WHAT NEEDS TO BE DONE
The listing below should be written out word for word, with its pictures removed.

DATASET ENTRIES
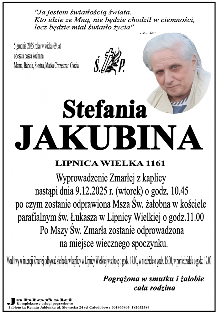 Stefania Jakubina - Nekrologi - podhale24.pl
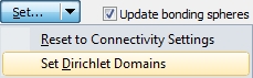 We now want to take the strongly interacting atoms from the Dirichlet domains and overwrite the bonding sphere boundaries that have originally been generated simply from effective (ionic) radii. We use the command "Set Dirichlet Domains", available from the menu activated by the dropdown arrow right beneath the "Set..." button:
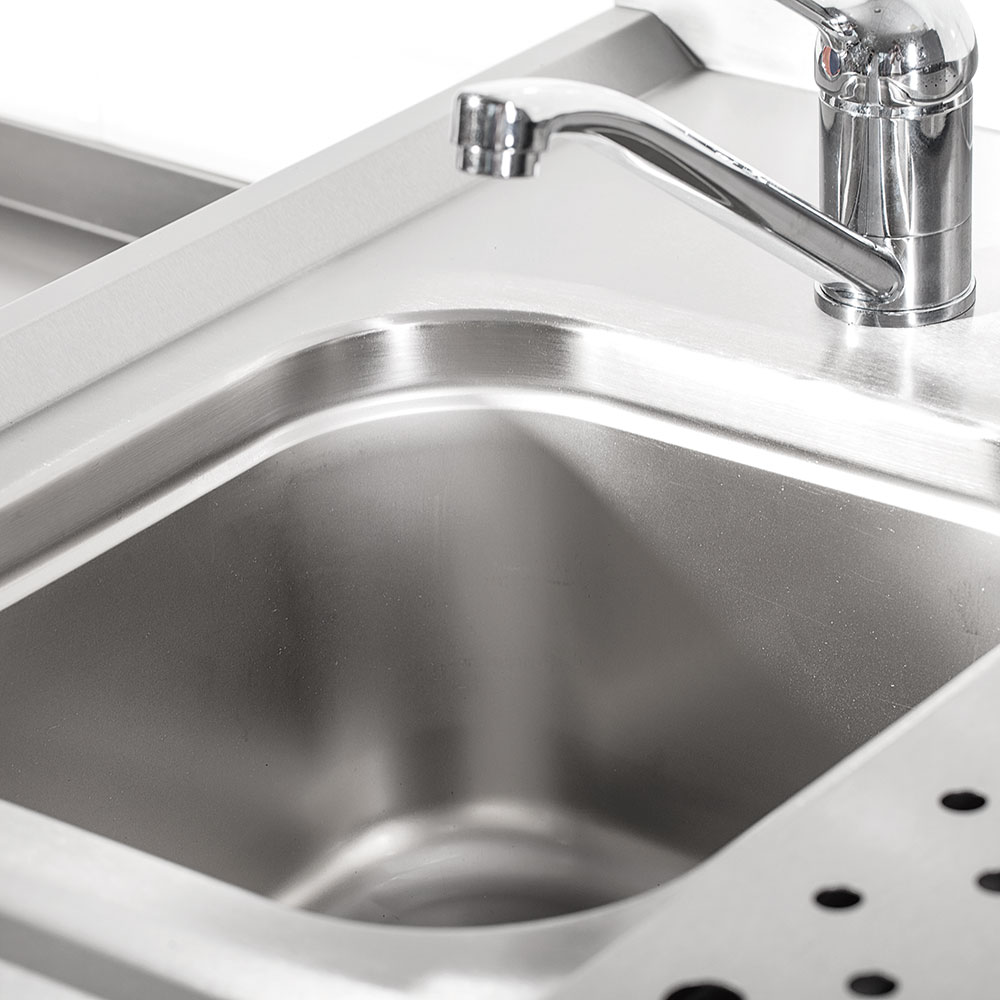 Stół nierdzewny pod ekspres do kawy z ociekaczem i umywalką
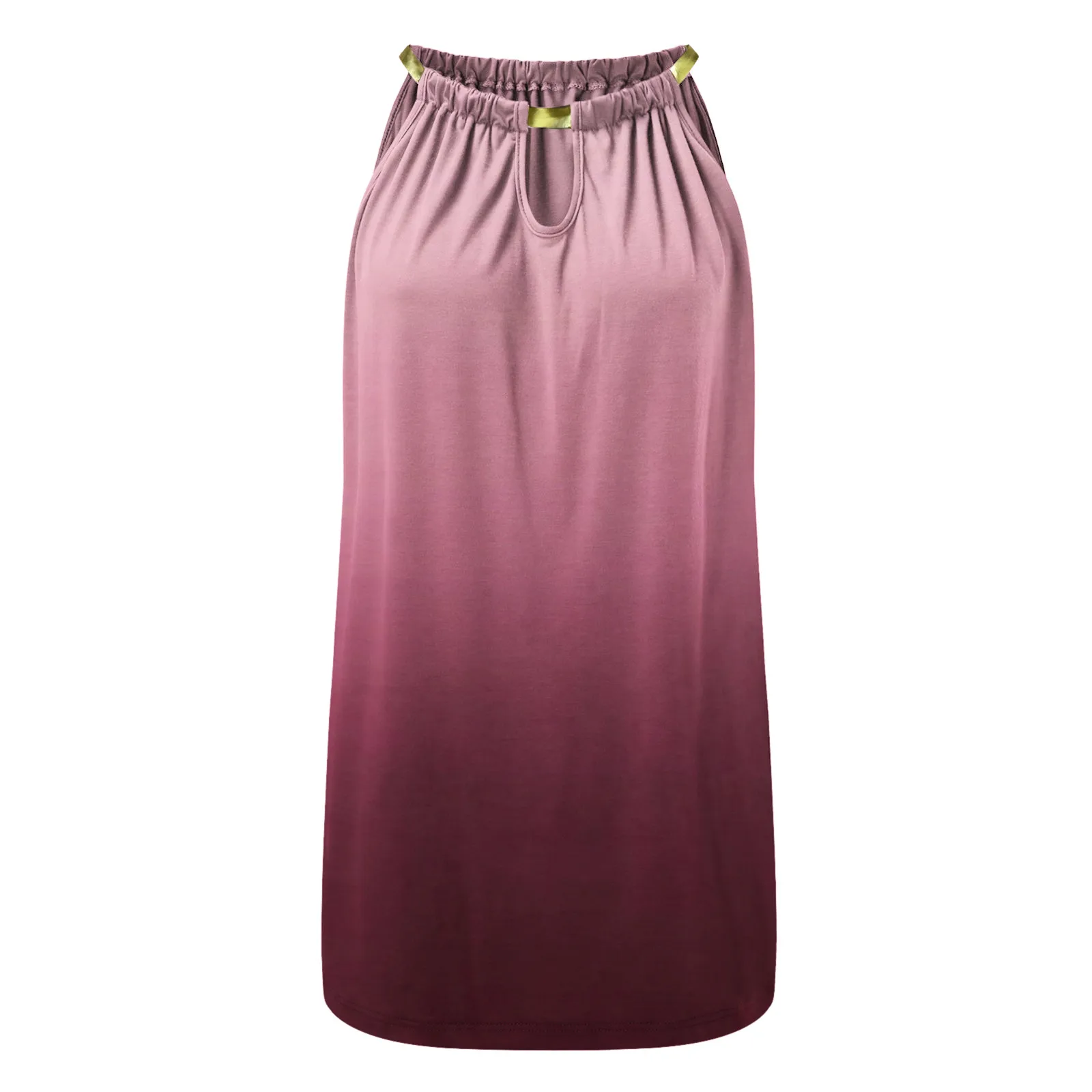 Женское модное платье без рукавов с круглым вырезом и градиентным принтом
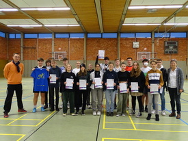 Bevor es zu den entscheidenden Spielen ging, fand in der kurzen Pause nach den Halbfinals noch die offizielle Ehrung der neu ausgebildeten Sporthelfer durch Schulleiterin Nicole Michaelis und Sportlehrer Dain Czeszak statt.
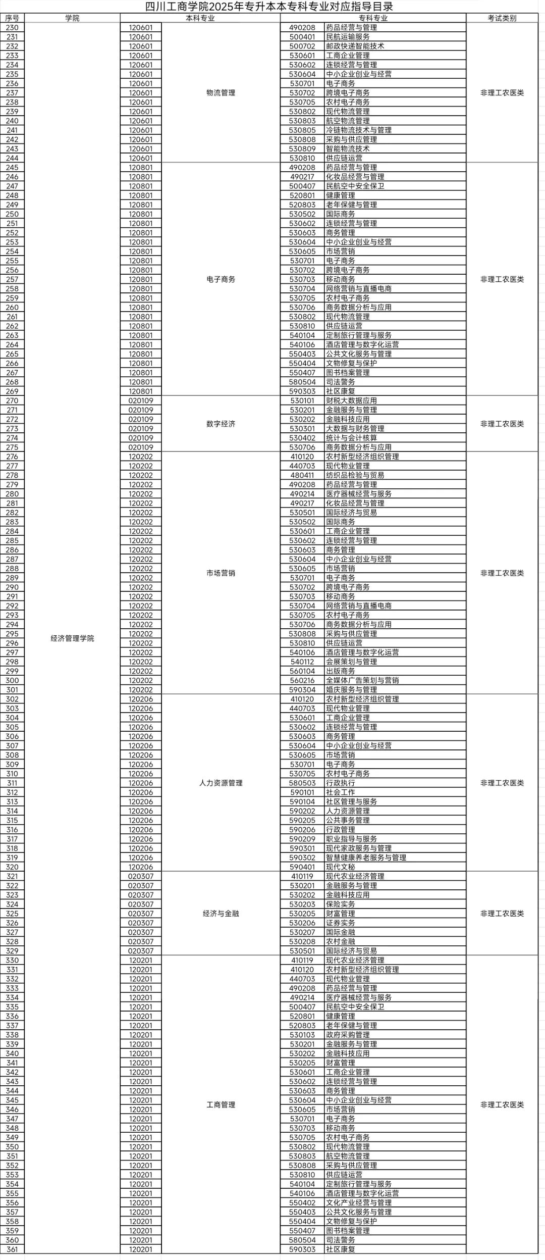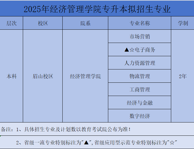 SUMMER2025年经济管理学院专升本专业
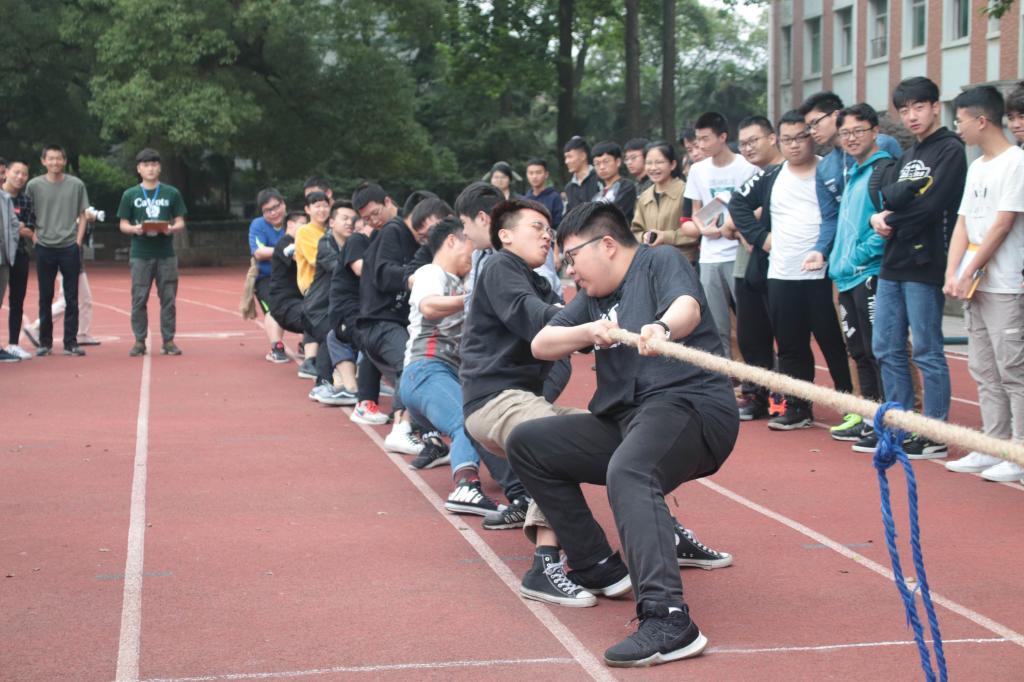 拔河比赛正式开始。首先,电气1881班VS电气1882班,参赛队员们斗志昂扬,做着赛前热身运动。哨声响起,绳子便倾向电气1881班,电气1882班迅速调整节奏,喊出“一二”“一二”的口号,扭转了比赛局面,夺得第一轮胜利。第二轮电气1881班吸取教训,也喊起口号调整节奏,气势大涨,扳回一局。双方稍作休息、调整人员后,第三轮比拼开始,经过前两轮的比赛,双方运动员的体力都有所下降,但比赛激烈程度却不比前两轮差,操场上口号声、呐喊声、加油声此起彼伏,最终由电气1882班获得最终的胜利。
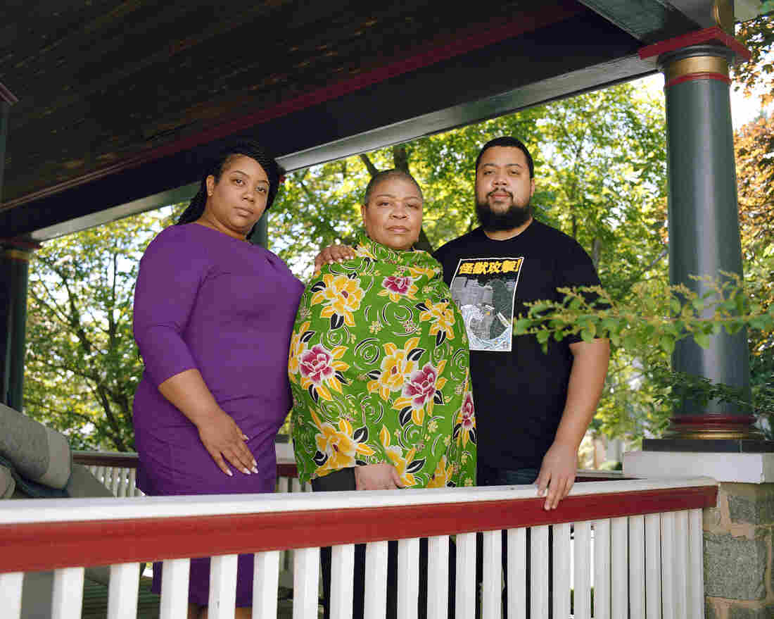 Bruner stands with her children, Portia Hurtt and Kevin Hurtt, on the front porch of their home in Washington, D.C. The family has been together during the pandemic and have used the time to consider the legacy of Tulsa and the family's heritage.
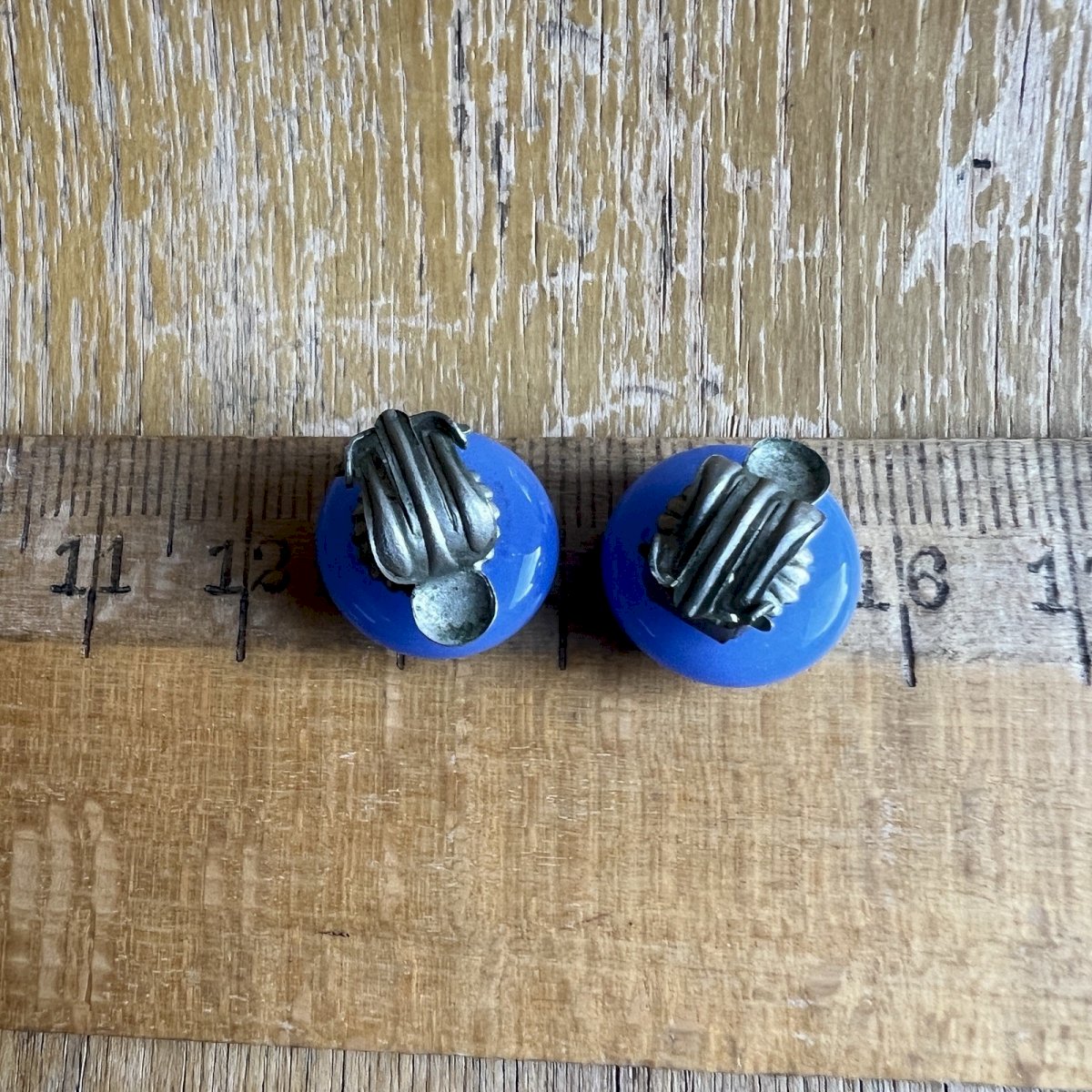 Mini Boucle d’oreille clip pâte de verre lavande vers 1920 Vintage, Ancien
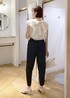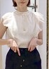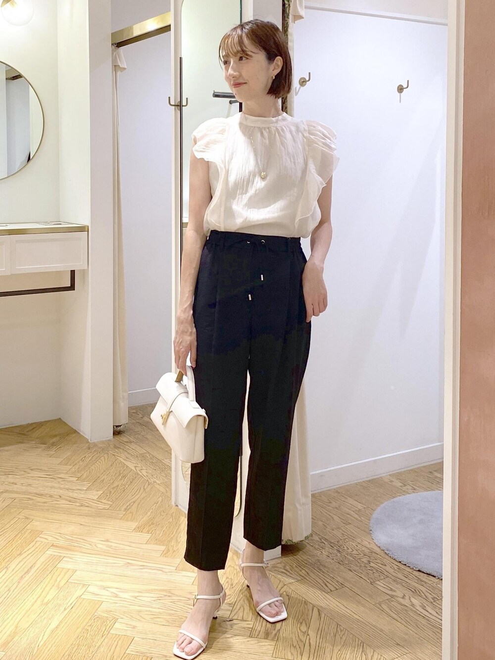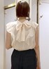 大人気のシャイニーボウタイブラウスの新色キナリを着てみました♪ ベージュよりも明るめで優しい雰囲気に! オフィスやセレモニーな場面でもオススメです◎

REPLY TO THE TASK
 Stefania Jakubina - Nekrologi - podhale24.pl
 We now want to take the strongly interacting atoms from the Dirichlet domains and overwrite the bonding sphere boundaries that have originally been generated simply from effective (ionic) radii. We use the command "Set Dirichlet Domains", available from the menu activated by the dropdown arrow right beneath the "Set..." button:
 Stół nierdzewny pod ekspres do kawy z ociekaczem i umywalką
 Женское модное платье без рукавов с круглым вырезом и градиентным принтом
 Bevor es zu den entscheidenden Spielen ging, fand in der kurzen Pause nach den Halbfinals noch die offizielle Ehrung der neu ausgebildeten Sporthelfer durch Schulleiterin Nicole Michaelis und Sportlehrer Dain Czeszak statt.
 SUMMER2025年经济管理学院专升本专业
 拔河比赛正式开始。首先,电气1881班VS电气1882班,参赛队员们斗志昂扬,做着赛前热身运动。哨声响起,绳子便倾向电气1881班,电气1882班迅速调整节奏,喊出“一二”“一二”的口号,扭转了比赛局面,夺得第一轮胜利。第二轮电气1881班吸取教训,也喊起口号调整节奏,气势大涨,扳回一局。双方稍作休息、调整人员后,第三轮比拼开始,经过前两轮的比赛,双方运动员的体力都有所下降,但比赛激烈程度却不比前两轮差,操场上口号声、呐喊声、加油声此起彼伏,最终由电气1882班获得最终的胜利。
 Bruner stands with her children, Portia Hurtt and Kevin Hurtt, on the front porch of their home in Washington, D.C. The family has been together during the pandemic and have used the time to consider the legacy of Tulsa and the family's heritage.
 Mini Boucle d’oreille clip pâte de verre lavande vers 1920 Vintage, Ancien
 大人気のシャイニーボウタイブラウスの新色キナリを着てみました♪ ベージュよりも明るめで優しい雰囲気に! オフィスやセレモニーな場面でもオススメです◎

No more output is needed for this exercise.